• Task: Everything in the records below must be repeated exactly, except the pictures.

• Stored data:
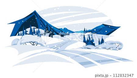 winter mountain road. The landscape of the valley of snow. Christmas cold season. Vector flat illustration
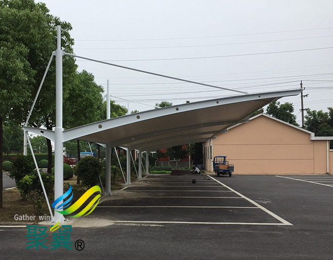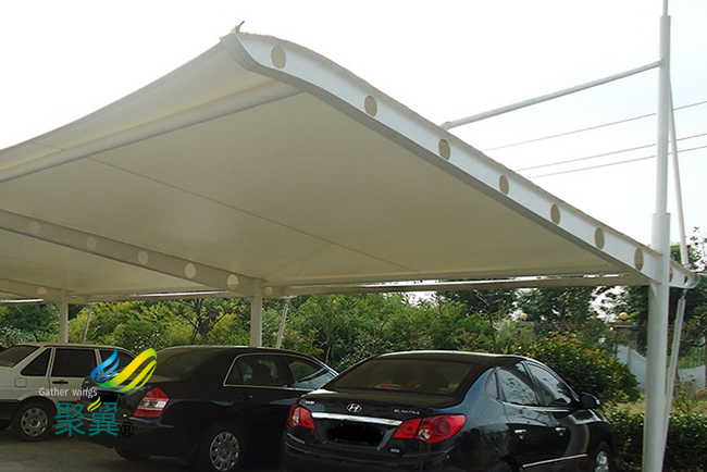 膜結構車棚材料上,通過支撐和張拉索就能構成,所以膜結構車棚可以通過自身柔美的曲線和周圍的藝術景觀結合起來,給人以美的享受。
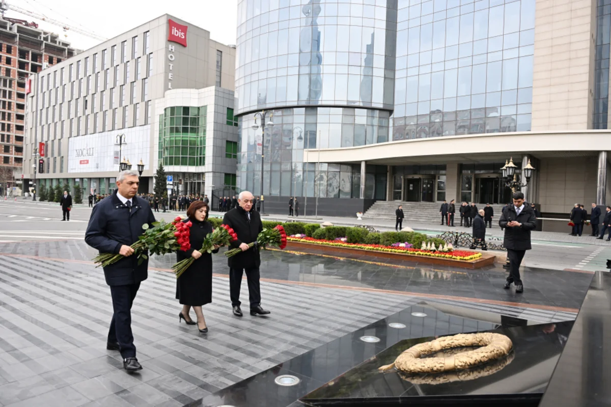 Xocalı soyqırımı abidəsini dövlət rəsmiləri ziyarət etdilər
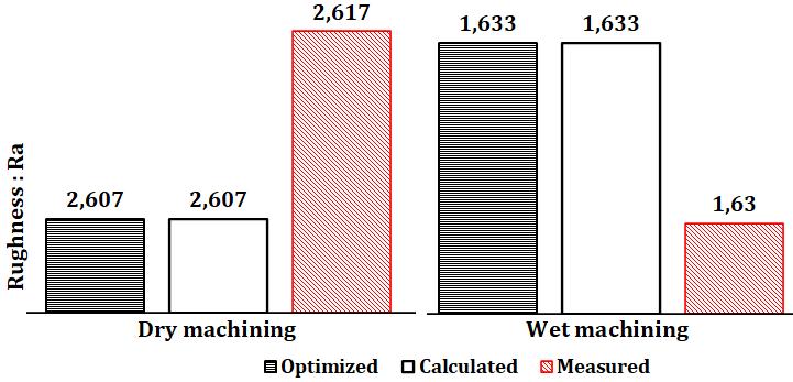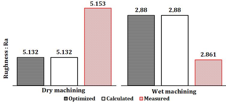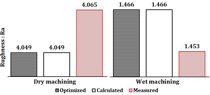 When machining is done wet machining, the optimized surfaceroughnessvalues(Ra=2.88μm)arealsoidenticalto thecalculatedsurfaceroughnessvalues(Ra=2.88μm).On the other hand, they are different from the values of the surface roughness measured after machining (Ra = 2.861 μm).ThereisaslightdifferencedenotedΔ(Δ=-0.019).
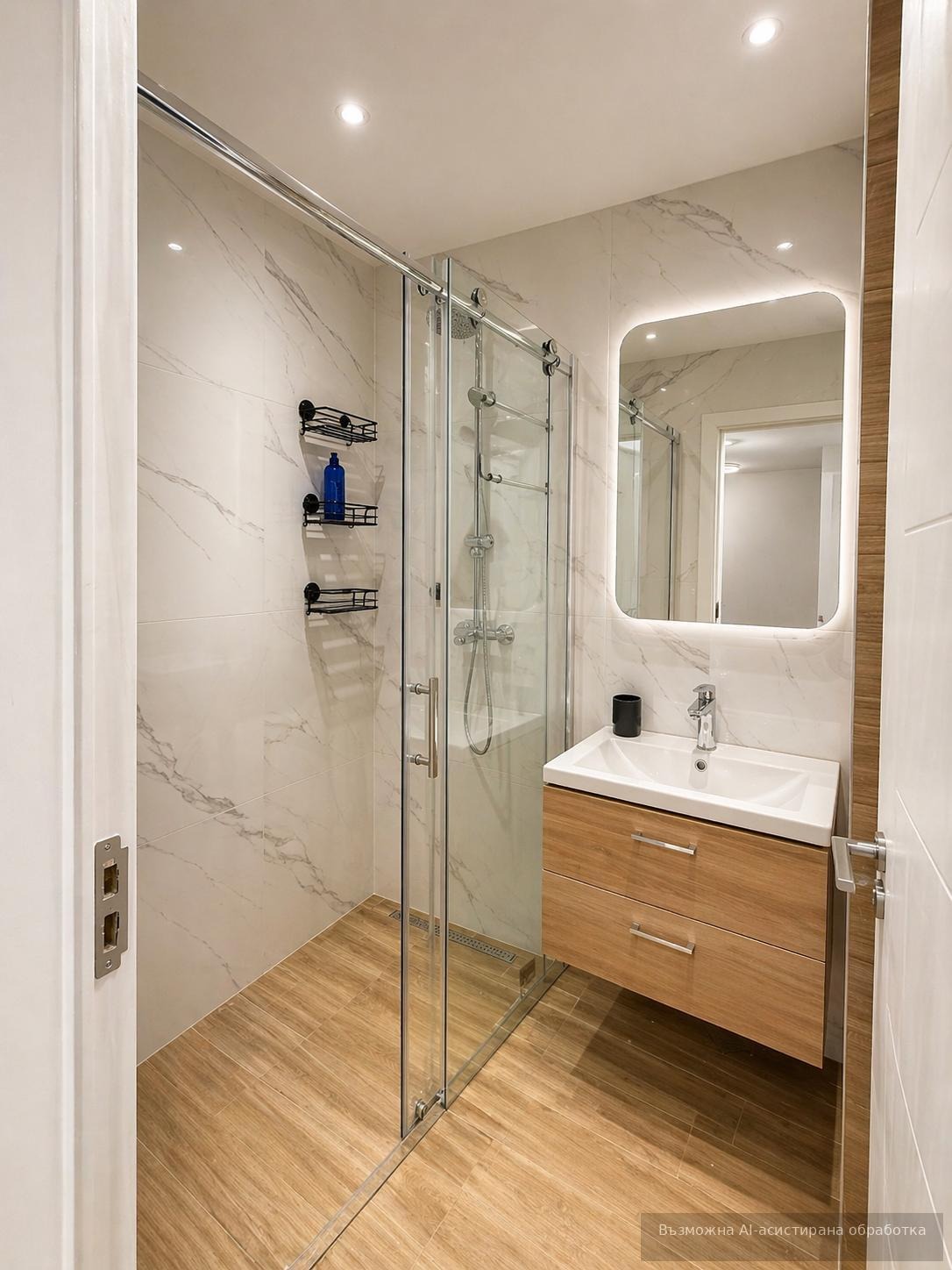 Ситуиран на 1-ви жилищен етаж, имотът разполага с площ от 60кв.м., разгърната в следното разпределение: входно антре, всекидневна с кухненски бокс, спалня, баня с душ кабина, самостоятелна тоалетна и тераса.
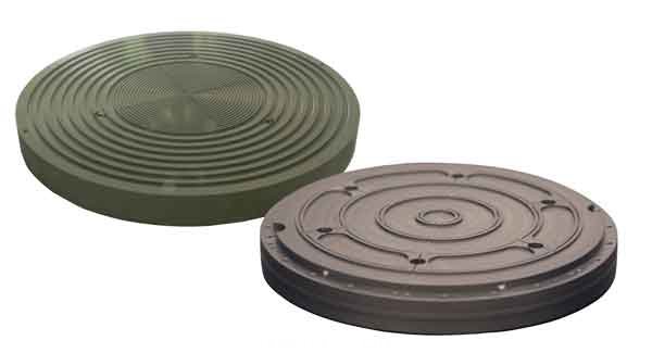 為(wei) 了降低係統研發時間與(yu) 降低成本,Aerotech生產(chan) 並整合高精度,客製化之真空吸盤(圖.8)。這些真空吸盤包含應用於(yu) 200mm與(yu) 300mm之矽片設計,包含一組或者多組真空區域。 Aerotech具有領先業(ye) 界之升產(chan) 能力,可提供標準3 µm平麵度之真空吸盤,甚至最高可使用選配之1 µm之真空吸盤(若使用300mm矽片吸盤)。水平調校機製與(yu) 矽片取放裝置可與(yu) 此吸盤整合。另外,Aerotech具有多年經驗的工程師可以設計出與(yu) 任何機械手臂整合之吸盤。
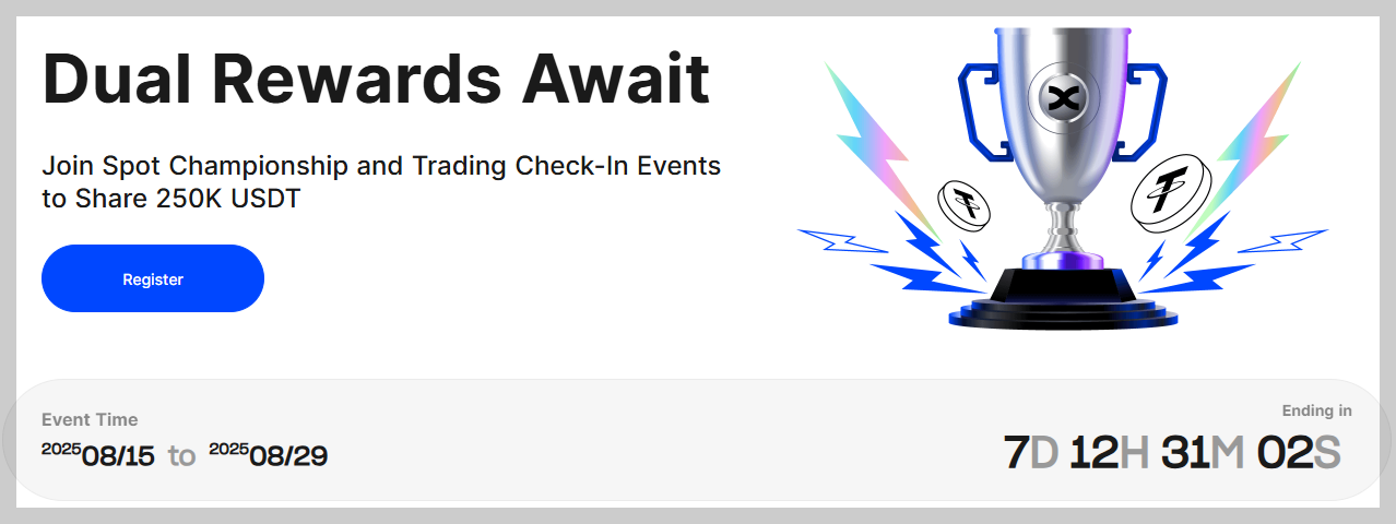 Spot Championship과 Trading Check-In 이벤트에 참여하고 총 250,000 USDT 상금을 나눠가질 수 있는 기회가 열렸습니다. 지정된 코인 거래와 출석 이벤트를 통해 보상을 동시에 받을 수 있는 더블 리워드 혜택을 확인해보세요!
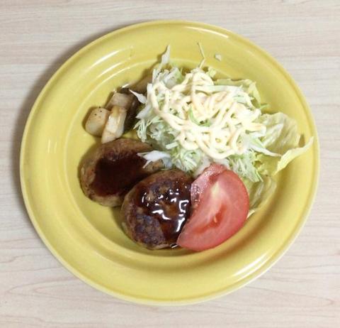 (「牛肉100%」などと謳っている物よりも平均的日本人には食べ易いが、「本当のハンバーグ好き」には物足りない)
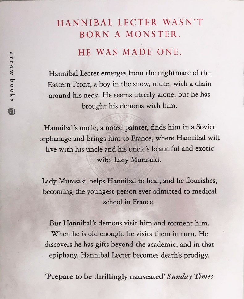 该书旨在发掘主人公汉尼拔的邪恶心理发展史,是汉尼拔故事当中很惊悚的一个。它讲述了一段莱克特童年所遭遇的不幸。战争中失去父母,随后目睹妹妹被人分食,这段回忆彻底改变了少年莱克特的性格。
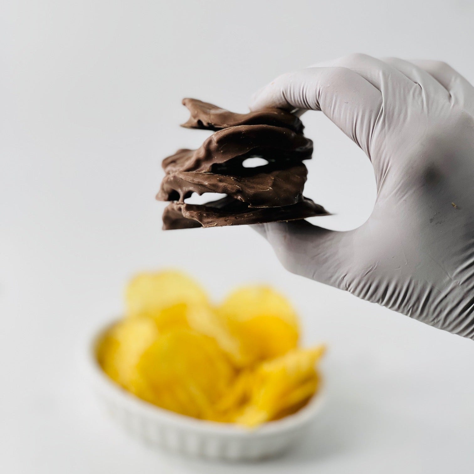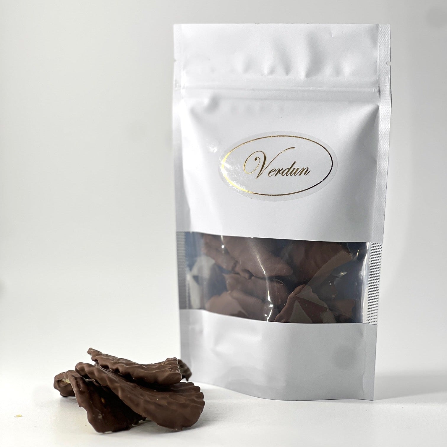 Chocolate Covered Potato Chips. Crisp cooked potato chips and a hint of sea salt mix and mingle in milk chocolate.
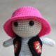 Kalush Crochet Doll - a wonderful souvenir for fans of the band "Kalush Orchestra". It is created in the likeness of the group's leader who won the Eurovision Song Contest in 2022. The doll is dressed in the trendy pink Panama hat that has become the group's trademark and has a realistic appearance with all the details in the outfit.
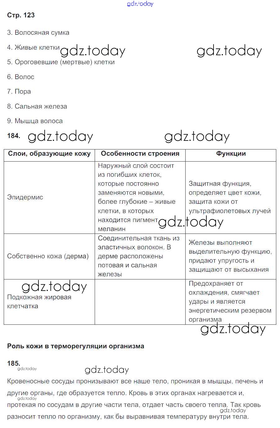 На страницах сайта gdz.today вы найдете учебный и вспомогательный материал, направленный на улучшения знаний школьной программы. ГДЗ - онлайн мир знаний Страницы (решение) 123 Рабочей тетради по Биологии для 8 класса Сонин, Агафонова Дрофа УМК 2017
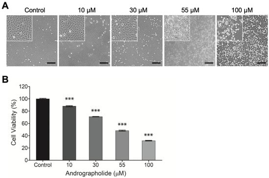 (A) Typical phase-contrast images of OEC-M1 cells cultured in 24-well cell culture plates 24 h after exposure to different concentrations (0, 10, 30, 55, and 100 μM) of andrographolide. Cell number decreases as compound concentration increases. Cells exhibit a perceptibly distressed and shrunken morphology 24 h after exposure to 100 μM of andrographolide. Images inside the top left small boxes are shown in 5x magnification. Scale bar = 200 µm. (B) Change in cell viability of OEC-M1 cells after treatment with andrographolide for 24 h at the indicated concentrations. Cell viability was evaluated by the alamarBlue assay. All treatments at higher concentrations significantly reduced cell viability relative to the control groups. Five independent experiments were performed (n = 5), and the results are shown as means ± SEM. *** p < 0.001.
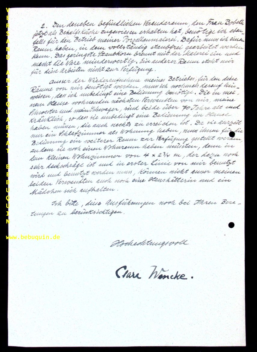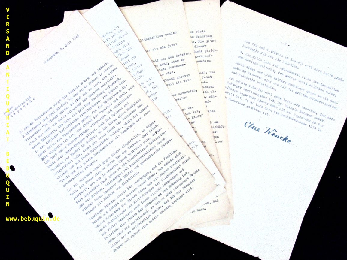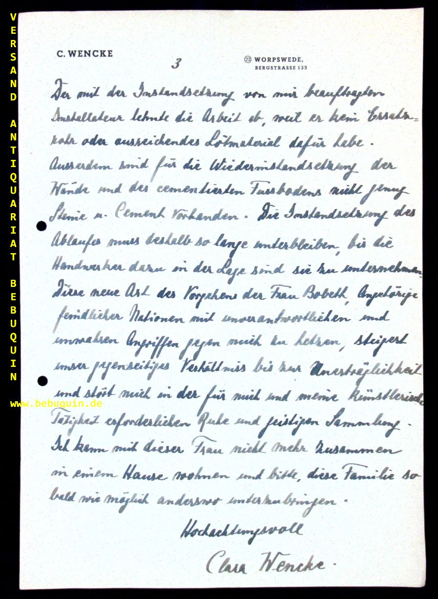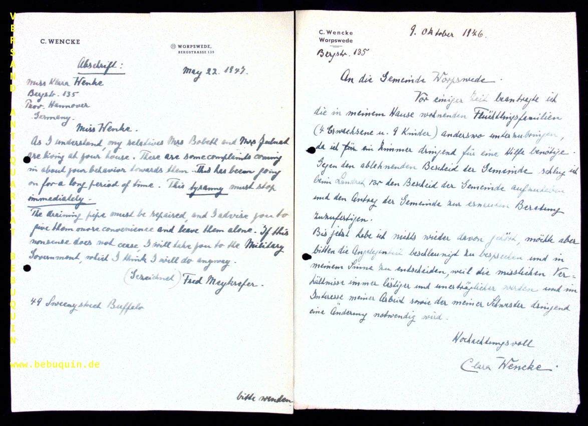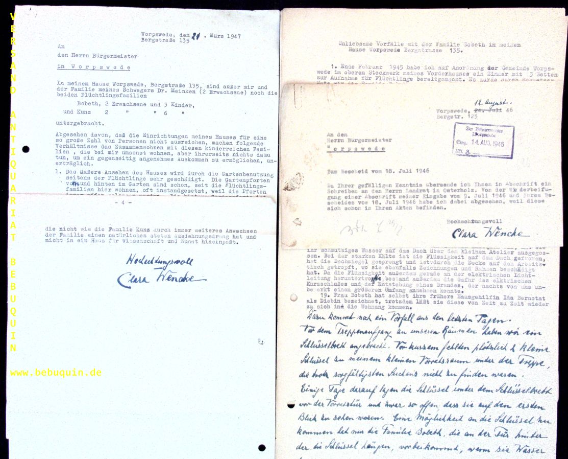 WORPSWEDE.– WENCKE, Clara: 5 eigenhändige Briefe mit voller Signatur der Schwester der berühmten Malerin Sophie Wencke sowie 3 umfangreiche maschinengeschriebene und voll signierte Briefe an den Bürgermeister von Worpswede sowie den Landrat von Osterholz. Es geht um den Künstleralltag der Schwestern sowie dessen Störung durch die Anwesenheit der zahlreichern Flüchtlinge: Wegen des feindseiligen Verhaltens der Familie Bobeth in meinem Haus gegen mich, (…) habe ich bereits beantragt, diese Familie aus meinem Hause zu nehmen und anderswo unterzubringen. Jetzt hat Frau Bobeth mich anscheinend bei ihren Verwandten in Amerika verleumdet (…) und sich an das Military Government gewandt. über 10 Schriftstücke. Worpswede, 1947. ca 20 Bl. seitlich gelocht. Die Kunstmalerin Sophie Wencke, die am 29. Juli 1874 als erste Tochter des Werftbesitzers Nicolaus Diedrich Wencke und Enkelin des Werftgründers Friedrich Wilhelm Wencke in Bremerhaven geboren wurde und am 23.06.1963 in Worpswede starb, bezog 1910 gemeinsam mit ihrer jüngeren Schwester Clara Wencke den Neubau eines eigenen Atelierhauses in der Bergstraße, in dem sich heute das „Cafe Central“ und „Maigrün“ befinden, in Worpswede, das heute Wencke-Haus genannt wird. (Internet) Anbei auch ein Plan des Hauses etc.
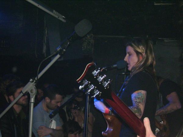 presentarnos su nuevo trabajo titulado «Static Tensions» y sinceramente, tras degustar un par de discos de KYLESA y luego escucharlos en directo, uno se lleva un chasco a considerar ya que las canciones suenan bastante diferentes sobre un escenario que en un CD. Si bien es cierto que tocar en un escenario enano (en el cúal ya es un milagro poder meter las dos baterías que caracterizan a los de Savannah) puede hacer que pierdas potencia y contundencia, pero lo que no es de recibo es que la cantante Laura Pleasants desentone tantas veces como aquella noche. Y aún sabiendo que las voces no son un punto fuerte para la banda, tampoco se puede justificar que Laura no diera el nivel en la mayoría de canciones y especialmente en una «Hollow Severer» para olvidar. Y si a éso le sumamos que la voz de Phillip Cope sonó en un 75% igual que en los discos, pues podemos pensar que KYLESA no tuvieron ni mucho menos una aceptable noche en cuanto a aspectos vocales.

• Task response:
 winter mountain road. The landscape of the valley of snow. Christmas cold season. Vector flat illustration
 膜結構車棚材料上,通過支撐和張拉索就能構成,所以膜結構車棚可以通過自身柔美的曲線和周圍的藝術景觀結合起來,給人以美的享受。
 Xocalı soyqırımı abidəsini dövlət rəsmiləri ziyarət etdilər
 When machining is done wet machining, the optimized surfaceroughnessvalues(Ra=2.88μm)arealsoidenticalto thecalculatedsurfaceroughnessvalues(Ra=2.88μm).On the other hand, they are different from the values of the surface roughness measured after machining (Ra = 2.861 μm).ThereisaslightdifferencedenotedΔ(Δ=-0.019).
 Ситуиран на 1-ви жилищен етаж, имотът разполага с площ от 60кв.м., разгърната в следното разпределение: входно антре, всекидневна с кухненски бокс, спалня, баня с душ кабина, самостоятелна тоалетна и тераса.
 為(wei) 了降低係統研發時間與(yu) 降低成本,Aerotech生產(chan) 並整合高精度,客製化之真空吸盤(圖.8)。這些真空吸盤包含應用於(yu) 200mm與(yu) 300mm之矽片設計,包含一組或者多組真空區域。 Aerotech具有領先業(ye) 界之升產(chan) 能力,可提供標準3 µm平麵度之真空吸盤,甚至最高可使用選配之1 µm之真空吸盤(若使用300mm矽片吸盤)。水平調校機製與(yu) 矽片取放裝置可與(yu) 此吸盤整合。另外,Aerotech具有多年經驗的工程師可以設計出與(yu) 任何機械手臂整合之吸盤。
 Spot Championship과 Trading Check-In 이벤트에 참여하고 총 250,000 USDT 상금을 나눠가질 수 있는 기회가 열렸습니다. 지정된 코인 거래와 출석 이벤트를 통해 보상을 동시에 받을 수 있는 더블 리워드 혜택을 확인해보세요!
 (「牛肉100%」などと謳っている物よりも平均的日本人には食べ易いが、「本当のハンバーグ好き」には物足りない)
 该书旨在发掘主人公汉尼拔的邪恶心理发展史,是汉尼拔故事当中很惊悚的一个。它讲述了一段莱克特童年所遭遇的不幸。战争中失去父母,随后目睹妹妹被人分食,这段回忆彻底改变了少年莱克特的性格。
 Chocolate Covered Potato Chips. Crisp cooked potato chips and a hint of sea salt mix and mingle in milk chocolate.
 Kalush Crochet Doll - a wonderful souvenir for fans of the band "Kalush Orchestra". It is created in the likeness of the group's leader who won the Eurovision Song Contest in 2022. The doll is dressed in the trendy pink Panama hat that has become the group's trademark and has a realistic appearance with all the details in the outfit.
 На страницах сайта gdz.today вы найдете учебный и вспомогательный материал, направленный на улучшения знаний школьной программы. ГДЗ - онлайн мир знаний Страницы (решение) 123 Рабочей тетради по Биологии для 8 класса Сонин, Агафонова Дрофа УМК 2017
 (A) Typical phase-contrast images of OEC-M1 cells cultured in 24-well cell culture plates 24 h after exposure to different concentrations (0, 10, 30, 55, and 100 μM) of andrographolide. Cell number decreases as compound concentration increases. Cells exhibit a perceptibly distressed and shrunken morphology 24 h after exposure to 100 μM of andrographolide. Images inside the top left small boxes are shown in 5x magnification. Scale bar = 200 µm. (B) Change in cell viability of OEC-M1 cells after treatment with andrographolide for 24 h at the indicated concentrations. Cell viability was evaluated by the alamarBlue assay. All treatments at higher concentrations significantly reduced cell viability relative to the control groups. Five independent experiments were performed (n = 5), and the results are shown as means ± SEM. *** p < 0.001.
 WORPSWEDE.– WENCKE, Clara: 5 eigenhändige Briefe mit voller Signatur der Schwester der berühmten Malerin Sophie Wencke sowie 3 umfangreiche maschinengeschriebene und voll signierte Briefe an den Bürgermeister von Worpswede sowie den Landrat von Osterholz. Es geht um den Künstleralltag der Schwestern sowie dessen Störung durch die Anwesenheit der zahlreichern Flüchtlinge: Wegen des feindseiligen Verhaltens der Familie Bobeth in meinem Haus gegen mich, (…) habe ich bereits beantragt, diese Familie aus meinem Hause zu nehmen und anderswo unterzubringen. Jetzt hat Frau Bobeth mich anscheinend bei ihren Verwandten in Amerika verleumdet (…) und sich an das Military Government gewandt. über 10 Schriftstücke. Worpswede, 1947. ca 20 Bl. seitlich gelocht. Die Kunstmalerin Sophie Wencke, die am 29. Juli 1874 als erste Tochter des Werftbesitzers Nicolaus Diedrich Wencke und Enkelin des Werftgründers Friedrich Wilhelm Wencke in Bremerhaven geboren wurde und am 23.06.1963 in Worpswede starb, bezog 1910 gemeinsam mit ihrer jüngeren Schwester Clara Wencke den Neubau eines eigenen Atelierhauses in der Bergstraße, in dem sich heute das „Cafe Central“ und „Maigrün“ befinden, in Worpswede, das heute Wencke-Haus genannt wird. (Internet) Anbei auch ein Plan des Hauses etc.
 presentarnos su nuevo trabajo titulado «Static Tensions» y sinceramente, tras degustar un par de discos de KYLESA y luego escucharlos en directo, uno se lleva un chasco a considerar ya que las canciones suenan bastante diferentes sobre un escenario que en un CD. Si bien es cierto que tocar en un escenario enano (en el cúal ya es un milagro poder meter las dos baterías que caracterizan a los de Savannah) puede hacer que pierdas potencia y contundencia, pero lo que no es de recibo es que la cantante Laura Pleasants desentone tantas veces como aquella noche. Y aún sabiendo que las voces no son un punto fuerte para la banda, tampoco se puede justificar que Laura no diera el nivel en la mayoría de canciones y especialmente en una «Hollow Severer» para olvidar. Y si a éso le sumamos que la voz de Phillip Cope sonó en un 75% igual que en los discos, pues podemos pensar que KYLESA no tuvieron ni mucho menos una aceptable noche en cuanto a aspectos vocales.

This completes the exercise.